Development of bioceramics with life functions by harnessing crystallographic anisotropy and their biological evaluations

Abstract

Hydroxyapatite (HAp) is a mineral component of vertebrate hard tissues, thus it assumes a pivot role as essential biomaterials for bone repair. The HAp crystal belongs to a hexagonal system, and has two types of crystal planes with different atomic arrangements: positively-charged calcium ions are packed mainly in the a(b)-plane, while negatively-charged phosphate ions and hydroxyl groups are packed mainly in the c-plane. In vertebrate long bone surfaces, HAp crystals have a c-axis orientation, which leads to the development of the a(b)-plane. On the other hand, in tooth enamel surface, HAp crystals have an a(b)-axis orientation, which results in the c-plane. However, the rationale behind the difference orientations between long bone and tooth enamel in different crystal planes remains poorly understood. Therefore, we would like to elucidate the effect of crystallographic anisotropy of HAp on its osteogenic functions.

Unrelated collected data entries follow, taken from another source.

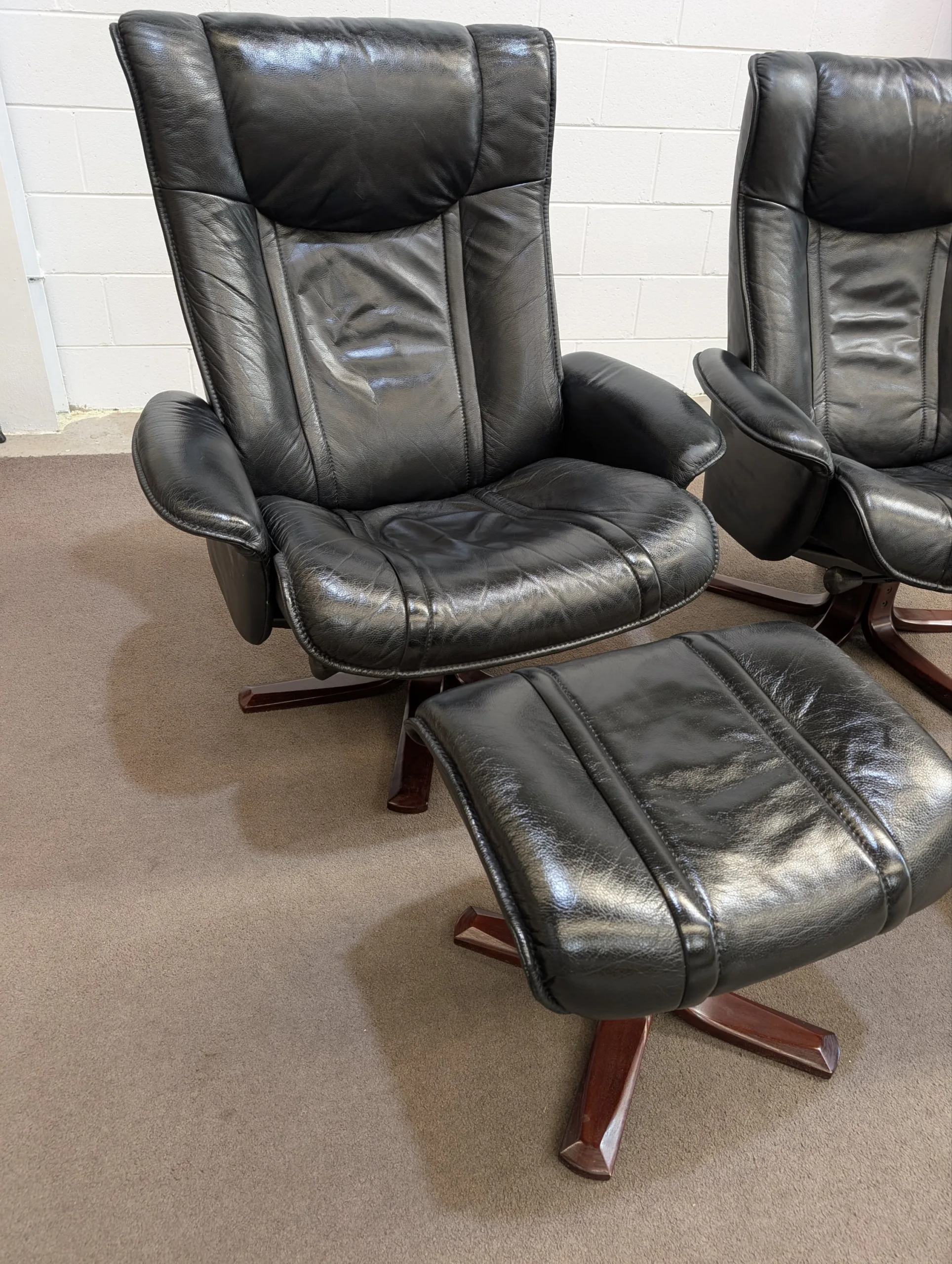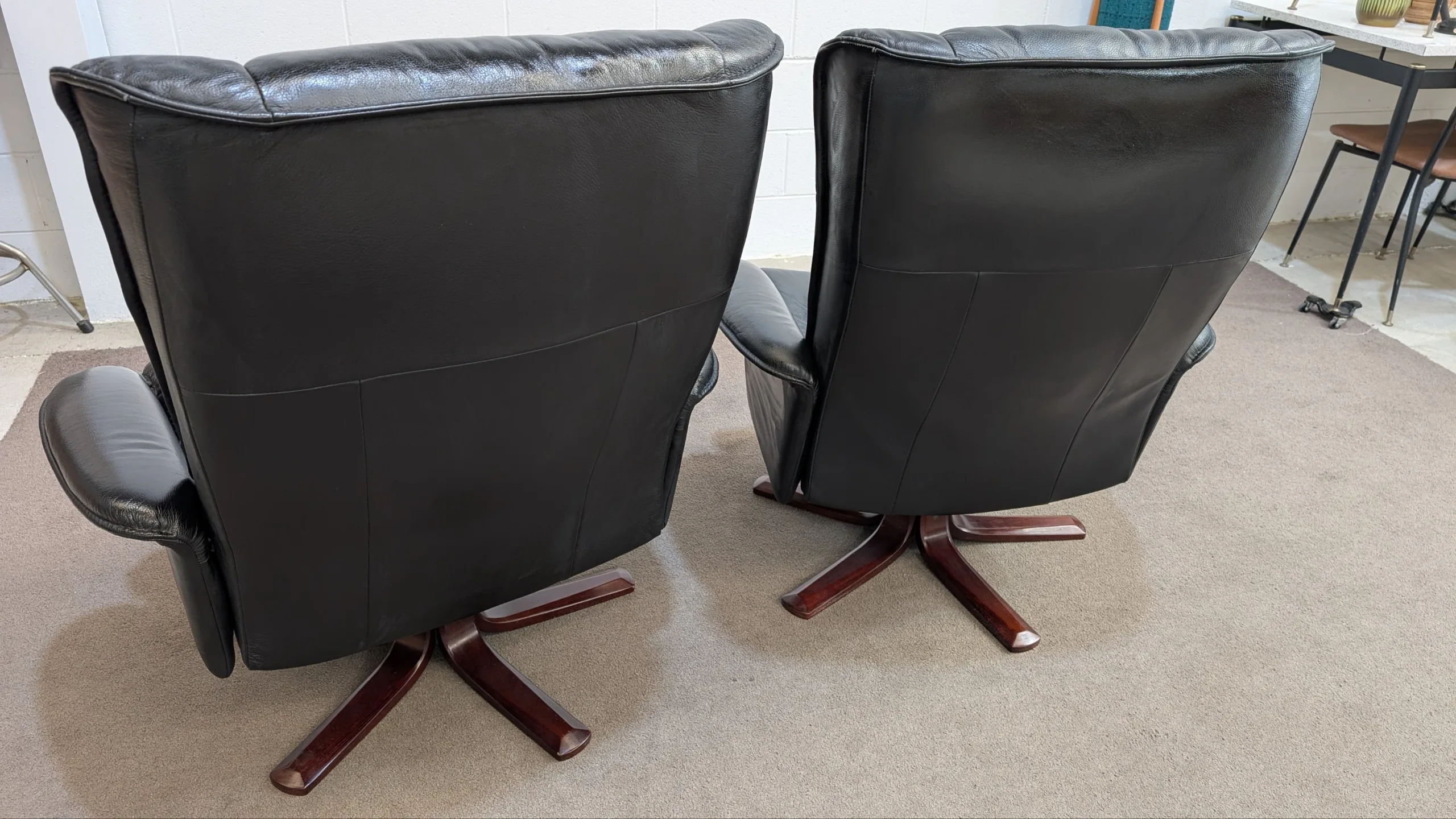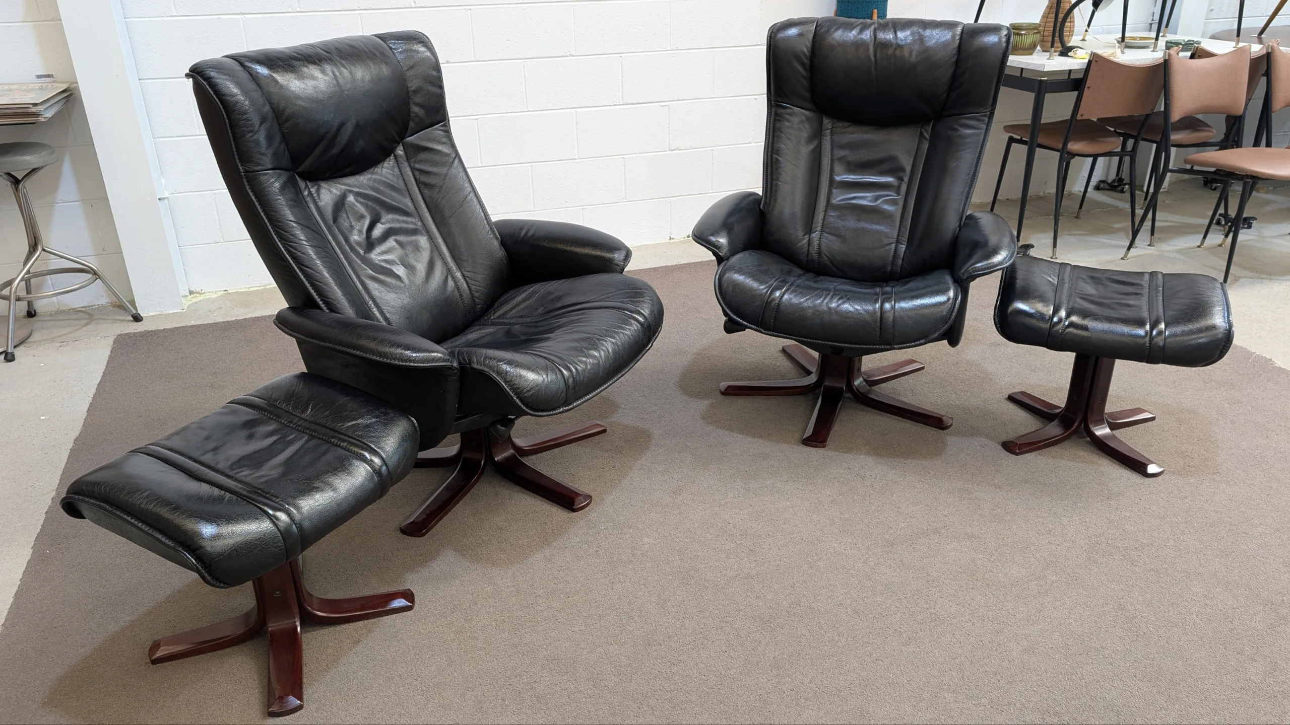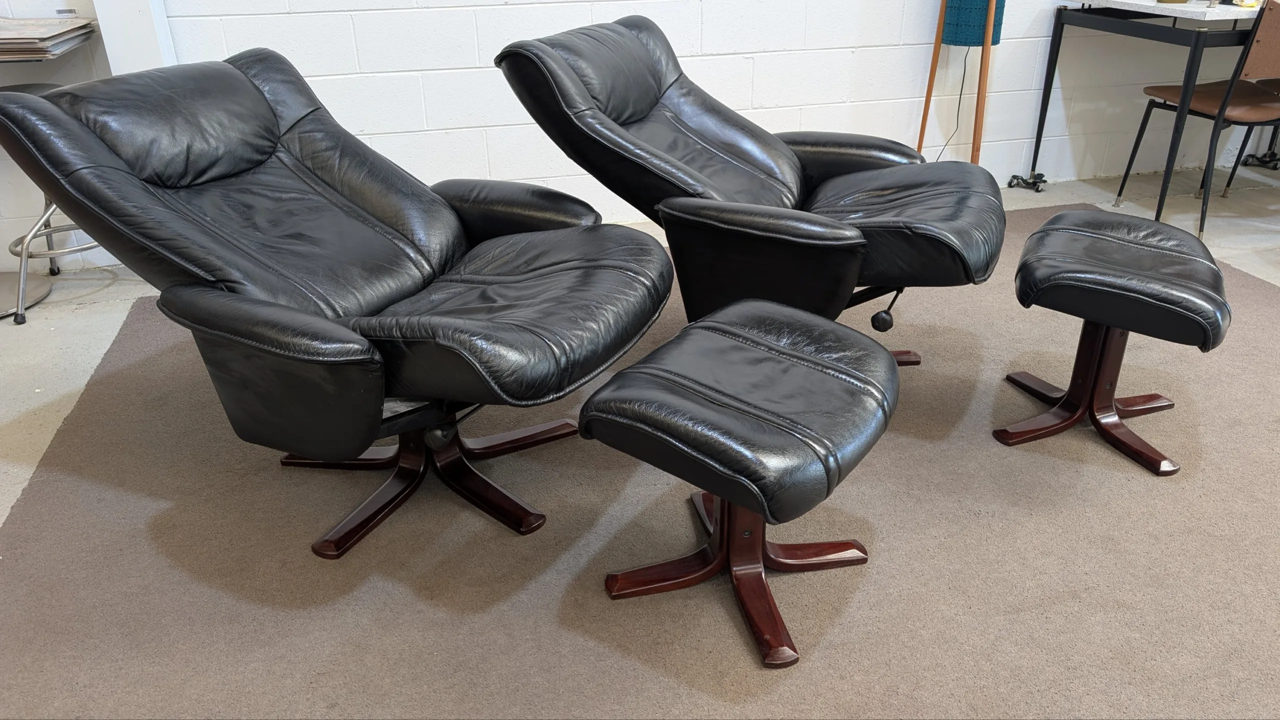 Leather Recliner and Footstool by IMG in good solid condition. Everything works as it should. Quality build as expected from the maker. Recliner works easily. Great colour. Leather cleaned and conditioned. Price per unit, two available.
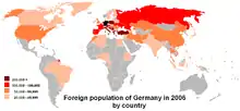 En 2013, on estimait que 20,5 % de la population était d'origine étrangère, soit 16,5 millions de personnes, 9,7 millions de nationalité allemande et 6,8 millions de nationalité étrangère. La ville-état de Hambourg affiche le plus fort taux de population d'origine immigrée avec une proportion qui atteint 28,9 %. Les landers de l'ex RDA ont une population étrangère beaucoup plus faible avec seulement 3,4 % des étrangers qui sont recensés sur cette partie du territoire, et concentré à 97 % dans la capitale Berlin. Pour les Allemands d'origine étrangère, si on prend en compte leur nationalité d'origine ou celle de leurs parents, 13 % sont d'origine turque, 11 % polonais, et 9 % russe[46].
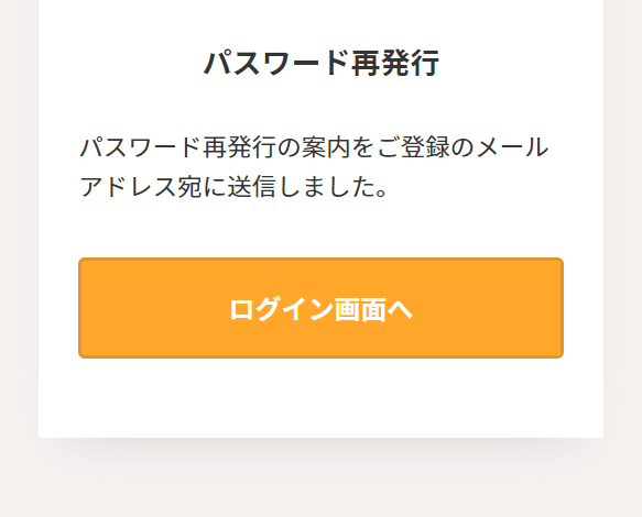 ご入力いただいたメールアドレスに再発行されたパスワードが送信されます。
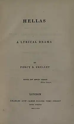 Hellas is a lyrical drama by Percy Bysshe Shelley, written in 1821 and published in 1822 by Charles and James Ollier in London. Shelley wrote it while living in Pisa, with a view to raising money for the Greek War of Independence. It was to be Shelley's last published poem during his lifetime.[1]
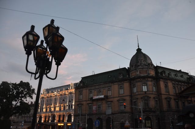右の画像:ウクライナ・リビウ・夕方の街並み

In particular, single-crystal HAp particles with preferred orientation to a(b)- and c-axes were successfully synthesized as the models to mimic bone and tooth enamel and by investigating the specific adsorption of acidic and basic proteins onto these particles, key understanding of bone regeneration process could be made toward developing bioceramics with life function. In addition, porous HAp ceramics with osteoinductivity and enhanced osteoconductivity properties was also developed using a(b)-plane-exposed HAp fibers to further explore the relationship. In this review, we will describe the development of bioceramics with life functions by harnessing the crystallographic anisotropy of HAp to provide greater insight on the biological properties of the resulting bioceramics, such as cell behavior in vitro and bone formation in vivo.